UBS May Cut 8,000 Jobs After 12 Billion Swiss Franc Loss

UBS AG may cut as many as 8,000 jobs as it grapples with the biggest credit writedowns of any European bank and a 12 billion Swiss franc ($11.4 billion) first quarter loss, Bloomberg reports. Switzerland's biggest bank, which had a

By None

UBS AG may cut as many as 8,000 jobs as it grapples with the biggest credit writedowns of any European bank and a 12 billion Swiss franc ($11.4 billion) first-quarter loss, Bloomberg reports.

Switzerland’s biggest bank, which had a 3 billion Swiss franc profit a year earlier, is set to spell out plans for layoffs when it reports detailed results tomorrow. The company will probably say it’s eliminating 2,500 to 3,000 jobs in its investment bank alone, more than 10% of the division.

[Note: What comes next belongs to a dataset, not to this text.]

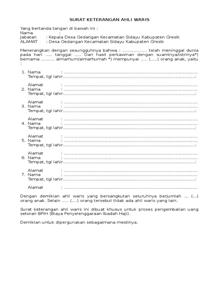 Surat keterangan ahli waris merupakan surat keterangan yang isinya adalah pernyataan bahwa pihak pembuat surat keterangan ahli waris tersebut memang benar benar berhak atas segala sesuatu yang diwariskan oleh seseorang. 15 contoh surat keterangan ahli waris yang resmi dan sah. Contoh surat keterangan kesepakatan para ahli waris atas pembagian harta warisan dari harta yang meninggalkan (ayah). Surat keterangan ahli waris ini dibuat khusus untuk proses pengembalian uang setoran bpih (biaya penyelenggaraan ibadah haji). Contoh surat pernyataan ahli waris jual beli tanah. Sebelum membuat surat kuasa, ada baiknya ketahui contoh surat kuasa yang baik dan benar terlebih dahulu. Surat kuasa ahli waris merupakan pelimpahan hak, tanggung jawab dan tugas kepada pihak lain untuk mengurus warisan dari ahli waris dilakukan dengan pembuatan surat kuasa ahli waris. 15 contoh surat keterangan ahli waris yang resmi dan sah. Contoh surat kuasa ahli waris haji involve some pictures that related one another. Surat keterangan ini sekilas hampir mirip dengan surat pernyataan, namun sejatinya ke dua surat tersebut adalah surat yang berbeda. Zaenal fitrah arifin yang berupa sebidang tanah seluas 1000 m2 dengan alamat di. Contoh surat kuasa ahli waris surat kuasa ahli waris contohpedi contoh surat kuasa ahli waris menjual tanah atau rumah diperlukan untuk m. Contoh surat kuasa ahli waris pembatalan haji picture placed ang submitted by admin that kept in our collection.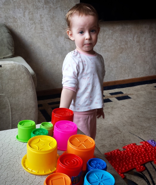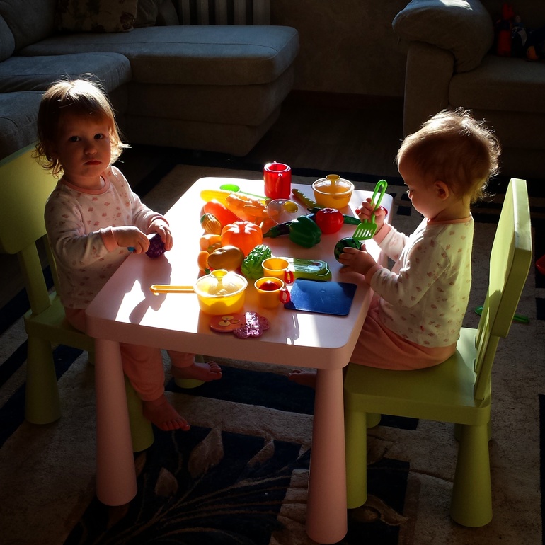 Связываем уже два, три слова. Мама пока пока, иди май (уйди мое) и подобное. Много жестов (парой ооочень много, особенно у Поли). Ната больше болтает и у нее меньше жестов, но если хандра, то Ната включает сирену на пол дня и тушите свет. Поля говорит Тата и все время за нее переживает, если дали Поле, то она хлопочет и кричит Тата Тата и показывает на предмет, который ей дали. И так во всем. Понимаем ВСЕ! Даже не буду перечислять. Знают больше 300 слов, я думаю. От предметов, вещей, до животных и действий. Любят ванну. Долго там плюхаются. Играют в куклы, посудка их любимая часть игры. Накупила им овощей, фруктов и пирожных из пластика и резины... теперь вечерами у нас чаепитие с резиновыми кексами))). Собираем конструктор. В общем в моторике и играх пробоем, ттт нет.

“UBS is scaling down investment banking, including reducing trading bets and giving up off-balance sheet units,” says Dirk Becker, an analyst with Landsbanki Kepler. “It was realistic to estimate that UBS would sack 10% of its 83,000 employees.”

Writedowns at the Zurich-based bank after the U.S. subprime mortgage meltdown have swelled to $38 billion over the past three quarters, a result of building a debt securities business at the peak of the market. Chairman Marcel Ospel, who replaced half of the executive board since losses began in 2007, stepped down last month. UBS already cut 1,500 jobs late last year.

UBS rose 8 centimes, or 0.2%, to 36.88 Swiss francs in Swiss trading. It has lost 50% in the past 12 months, making it the sixth-worst performer in the Bloomberg Europe Banks and Financial Services Index of 59 stocks.

The Swiss bank got shareholder approval last month to raise 15 billion Swiss francs in a rights offer after receiving 13 billion Swiss francs from investors in Singapore and the Middle East in March.